Physiochemical properties and solubility prediction. Protparam, which is one of expasy server tools (https://web.expasy.org/ protparam/) was used to identify physicochemical properties like isoelectric point (pI), amino acid number and composition, half-life, instability and aliphatic index, molecular weight (MW), and grand average of hydropathicity (GRAVY) of the vaccine constructs [33]. The multi-epitope vaccine solubility was predicted using the Protein–Sol server (http://protein-sol.manchester.ac.uk). The population average for the experimental is 0.45, and thus solubility value greater than 0.45 is predicted to have a higher solubility [34].
Secondary structure prediction. PSIPRED and RaptorX servers were used To predict secondary structures of the vaccine constructs. PRISPRED (http://bioinf.cs.ucl.ac.uk/psipred/), is an online server secondary structure prediction tool [35]. RaptorX server (http://raptorx.uchicago. edu/StructurePropertyPred/predict/) was also used to calculate the secondary structural characteristics of the vaccine. The server uses Deep Convolutional Neural Fields (Deep CNF) machine learning model to calculate secondary structure (SS), disorder regions (DISO), and solvent accessibility (ACC) [36].

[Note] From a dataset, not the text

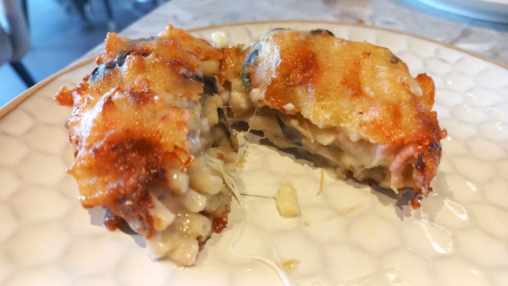 Menzione speciale per la voce “Pizze fritte e ripassate al forno” con la “Doc Fritta” ovvero impasto fritto e al forno, pomodoro biogustarosso, formaggio grattugiato in cottura, in uscita fette di mozzarella di bufala a crudo, formaggio grattugiato olio evo frantoio Moscato e basilico. Tra le pizze tradizionali insieme alle classiche e intramontabili anche la “Giallo Margherita” con passata di pomodorino giallo “lucariello”, mozzarella di bufala, pomodorini interi “spunzillo”. Inoltre, c’è la pizza della casa, la “Sapureat” con cornicioni ripieni di fior di latte e macinato di chianina, fior di latte, parmigiana di melanzane homemade, fonduta di provola, olio evo frantoio Moscato e basilico e la “Scostumata” con base di fonduta di provola e fior di latte, salsiccia di maialino nero, patate cotte nel forno a legna, olio evo frantoio Moscato e basilico. Se si consulta la lista “Pizze Special” balza subito agli occhi (e al palato…) la “San Gennà”: ragù napoletano, fior di latte, ricotta, polpettine di manzo, in uscita, salsa di basilico homemade, pepe, scaglie di parmigiano, olio evo del frantoio Moscato. Alla sezione delle “pizze contemporanee” c’è un’originale “Nerano” proposta con base di pesto di zucchine, fior di latte e all’uscita stick di zucchine fritte, scaglie di provolone del monaco dop, pepe nero, olio evo del frantoio Moscato e basilico, e la pizza “Caponata”: base bianca con provola di Agerola, caponata classica siciliana con melanzane, pomodorini, pinoli tostati, olive verdi, cipolla ramata, olio evo e basilico.

Tertiary structure prediction. A Three-dimensional (3D) model of the vaccines was generated using the homology modeling GalaxyWEB server (http://galaxy.seoklab.org/). The GalaxyWEB server is a platform for computerized protein structure and function prediction based on the sequence-to-structure-to-function approach and identifies protein structure with high similarity pattern from the Protein Data Bank (PDB) [37]. GalaxyWEB generates 3D atomic models by performing several sequence alignments and iterative structure assembly. GalaxyWEB automatically refined the 3D model obtained for the vaccines. The refinement approach was experimentally approved in CASP10 based refinement experiments. This provides the relaxation of the structure for repacking and molecular dynamics simulation [38].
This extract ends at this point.